Se il metamizolo viene assunto per la febbre, alcuni sintomi di una agranulocitosi emergente possono passare inosservati", avverte la nota. "Inoltre, i sintomi possono essere mascherati nei pazienti in trattamento con una terapia antibiotica. Se si sospetta agranulocitosi, deve essere eseguito immediatamente un emocromo completo (inclusa la formula leucocitaria) e il trattamento deve essere interrotto in attesa dei risultati.

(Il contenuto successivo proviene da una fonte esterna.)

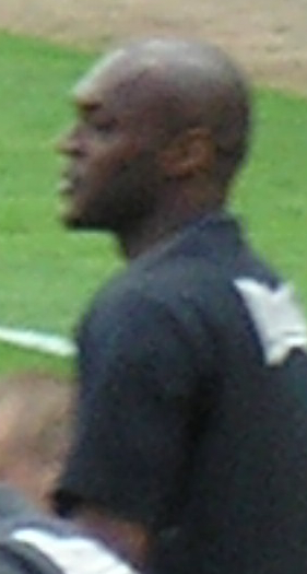 Marcus Gayle warming up for Brentford, April 2006.

Le indicazioni in caso si agranulocitosi
Se l'agranulocitosi viene confermata, il trattamento non deve essere reintrodotto". E ancora, "il monitoraggio di routine dell'emocromo nei pazienti trattati con medicinali contenenti metamizolo non è raccomandato. Il metamizolo è controindicato nei pazienti con un'anamnesi di agranulocitosi indotta da metamizolo (o da altri pirazoloni o pirazolidine), con compromissione della funzionalità del midollo osseo o con malattie del sistema emopoietico".
A luglio l'Agenzia europea del farmaco (Ema) ha avviato una revisione dei medicinali a base di metamizolo. Intanto - come raccomandato dal Comitato sicurezza dell'ente regolatorio Ue - l'Aifa anche con questa nota rafforza le misure per ridurre al minimo le conseguenze gravi di questo effetto collaterale dell'antidolorifico.